* **Work task**:
Only one span is wanted from the lines below: from the one with "Figura 2. El" up to and including the one with "Morning Showers #1". Copy it exactly, without images.

##### Extracted material

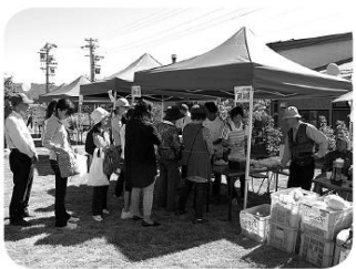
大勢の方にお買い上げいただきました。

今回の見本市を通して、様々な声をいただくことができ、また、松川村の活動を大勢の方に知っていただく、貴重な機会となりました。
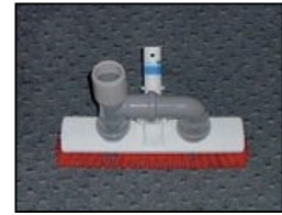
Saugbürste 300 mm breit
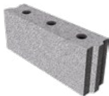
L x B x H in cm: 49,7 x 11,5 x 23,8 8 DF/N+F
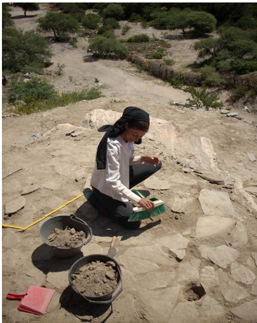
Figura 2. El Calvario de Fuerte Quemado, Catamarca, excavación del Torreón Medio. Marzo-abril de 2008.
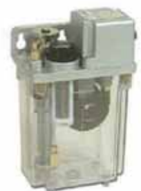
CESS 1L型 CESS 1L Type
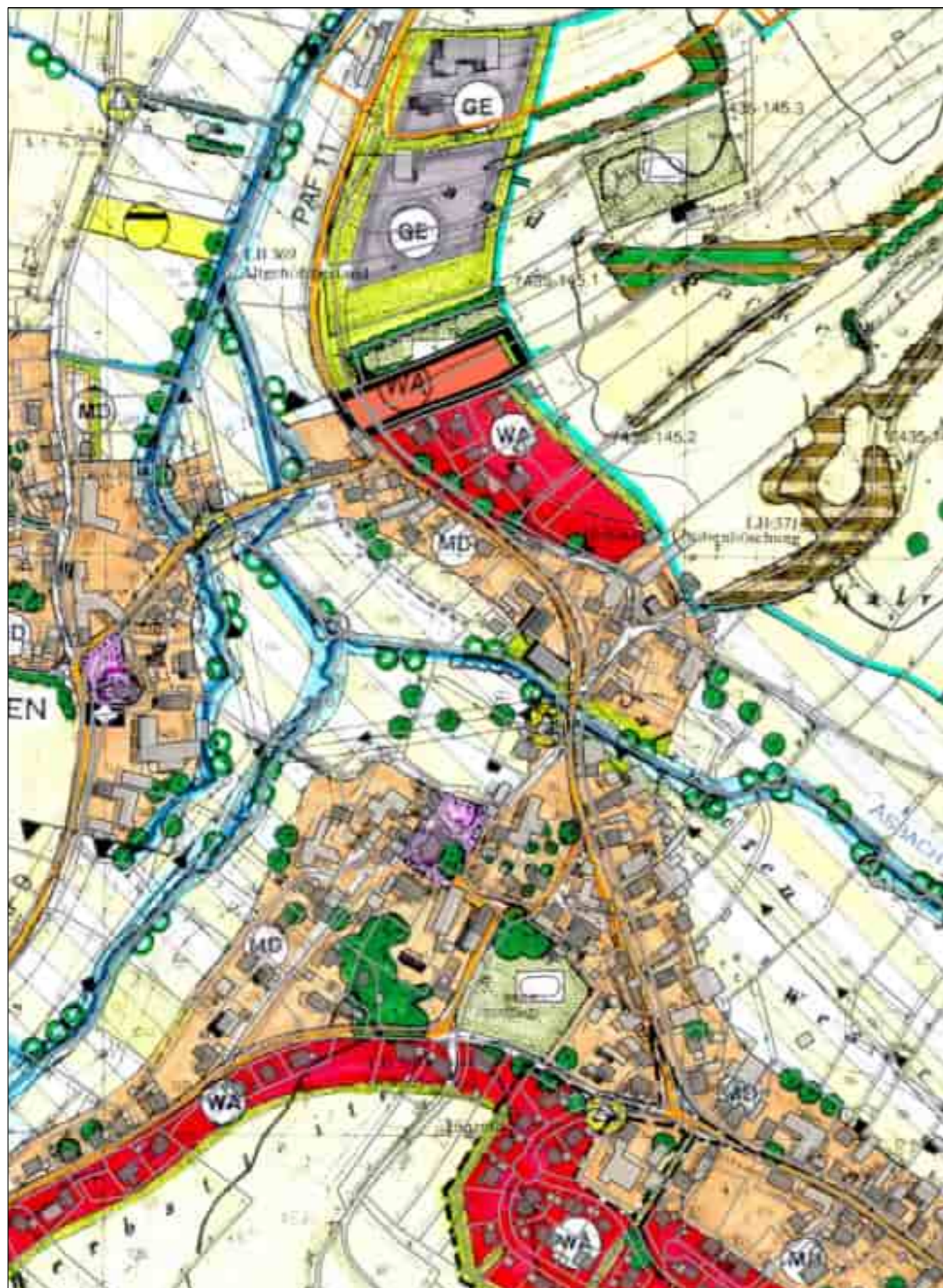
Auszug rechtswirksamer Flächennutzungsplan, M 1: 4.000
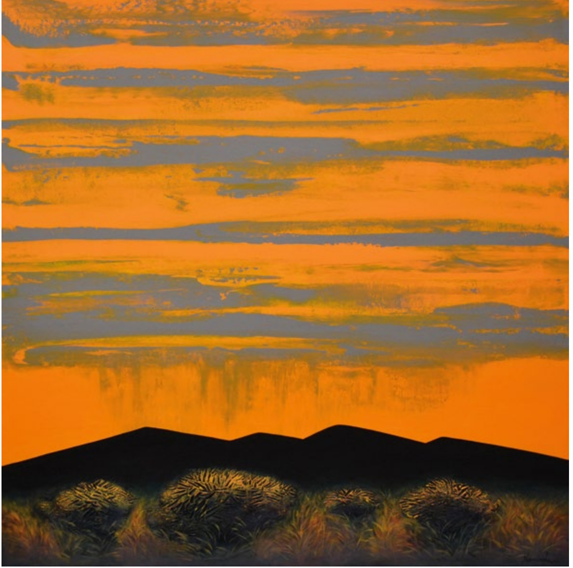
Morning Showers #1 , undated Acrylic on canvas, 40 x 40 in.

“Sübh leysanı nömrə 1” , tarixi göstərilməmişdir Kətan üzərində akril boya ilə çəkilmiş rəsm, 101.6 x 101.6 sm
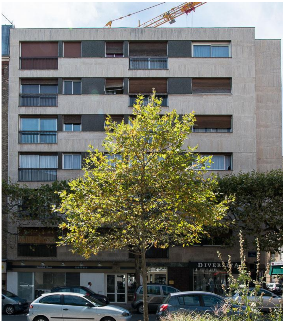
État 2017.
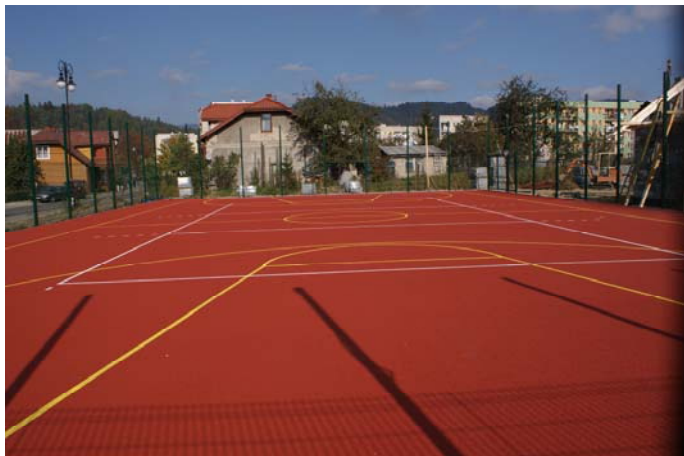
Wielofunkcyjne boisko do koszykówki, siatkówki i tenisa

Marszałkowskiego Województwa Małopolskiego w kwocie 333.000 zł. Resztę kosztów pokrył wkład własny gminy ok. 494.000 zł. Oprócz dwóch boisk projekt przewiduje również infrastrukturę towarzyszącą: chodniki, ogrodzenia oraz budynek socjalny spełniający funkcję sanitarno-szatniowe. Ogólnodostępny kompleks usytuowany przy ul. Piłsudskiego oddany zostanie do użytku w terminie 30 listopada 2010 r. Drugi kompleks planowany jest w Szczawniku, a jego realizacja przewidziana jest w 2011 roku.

##########
##### Extracted material

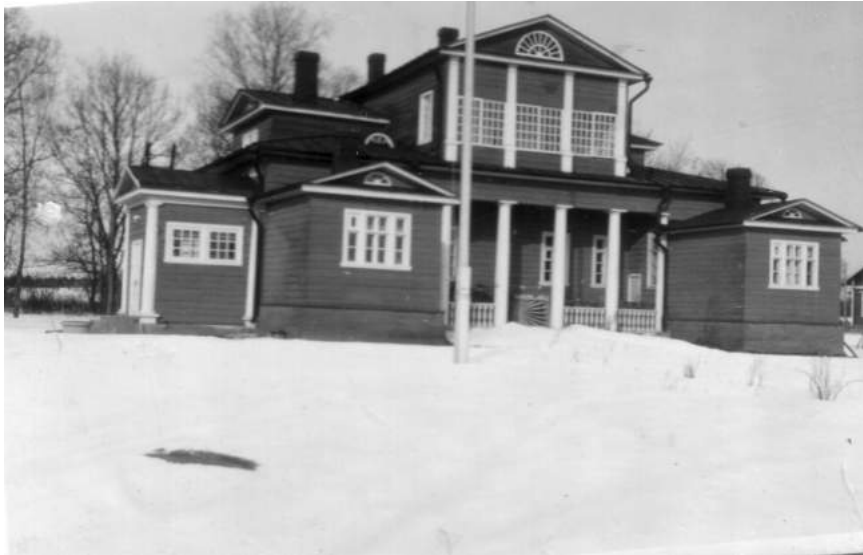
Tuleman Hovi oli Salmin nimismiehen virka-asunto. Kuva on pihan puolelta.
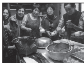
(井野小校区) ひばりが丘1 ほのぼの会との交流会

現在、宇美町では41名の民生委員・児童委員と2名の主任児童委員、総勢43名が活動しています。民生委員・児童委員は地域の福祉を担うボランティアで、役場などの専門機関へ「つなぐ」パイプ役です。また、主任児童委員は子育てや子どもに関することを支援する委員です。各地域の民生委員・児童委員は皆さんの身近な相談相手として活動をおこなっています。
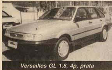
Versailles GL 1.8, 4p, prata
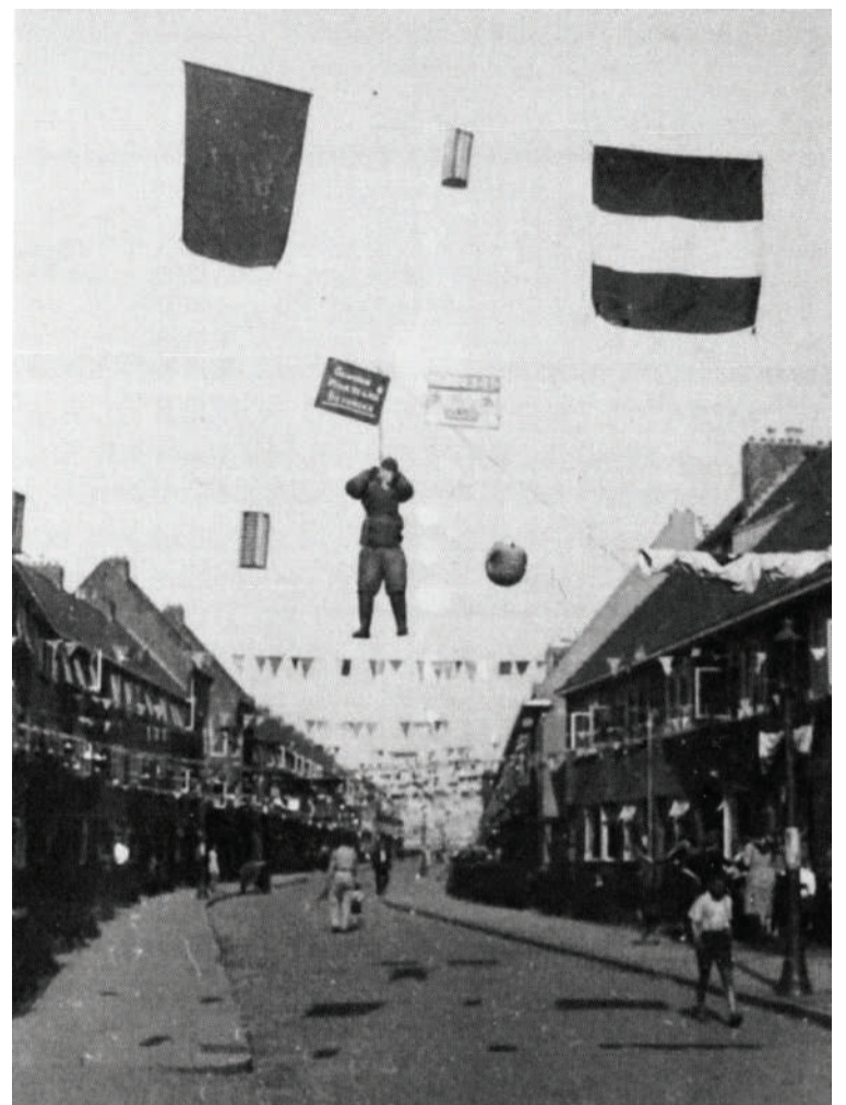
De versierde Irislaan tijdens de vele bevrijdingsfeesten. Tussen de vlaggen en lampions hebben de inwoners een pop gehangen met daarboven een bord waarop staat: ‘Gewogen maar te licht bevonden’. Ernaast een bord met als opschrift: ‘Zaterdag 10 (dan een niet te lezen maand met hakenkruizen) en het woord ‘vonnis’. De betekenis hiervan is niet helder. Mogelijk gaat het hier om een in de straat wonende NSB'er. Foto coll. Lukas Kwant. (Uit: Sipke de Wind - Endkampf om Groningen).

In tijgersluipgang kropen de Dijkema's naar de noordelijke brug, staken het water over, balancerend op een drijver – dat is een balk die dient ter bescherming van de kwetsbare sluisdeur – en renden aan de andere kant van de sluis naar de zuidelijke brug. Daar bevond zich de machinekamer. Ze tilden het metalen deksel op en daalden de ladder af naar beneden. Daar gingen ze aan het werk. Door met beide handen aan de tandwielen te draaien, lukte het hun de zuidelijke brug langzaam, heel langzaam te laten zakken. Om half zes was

##########

* **Result**:
Figura 2. El Calvario de Fuerte Quemado, Catamarca, excavación del Torreón Medio. Marzo-abril de 2008.
CESS 1L型 CESS 1L Type
Auszug rechtswirksamer Flächennutzungsplan, M 1: 4.000
Morning Showers #1 , undated Acrylic on canvas, 40 x 40 in.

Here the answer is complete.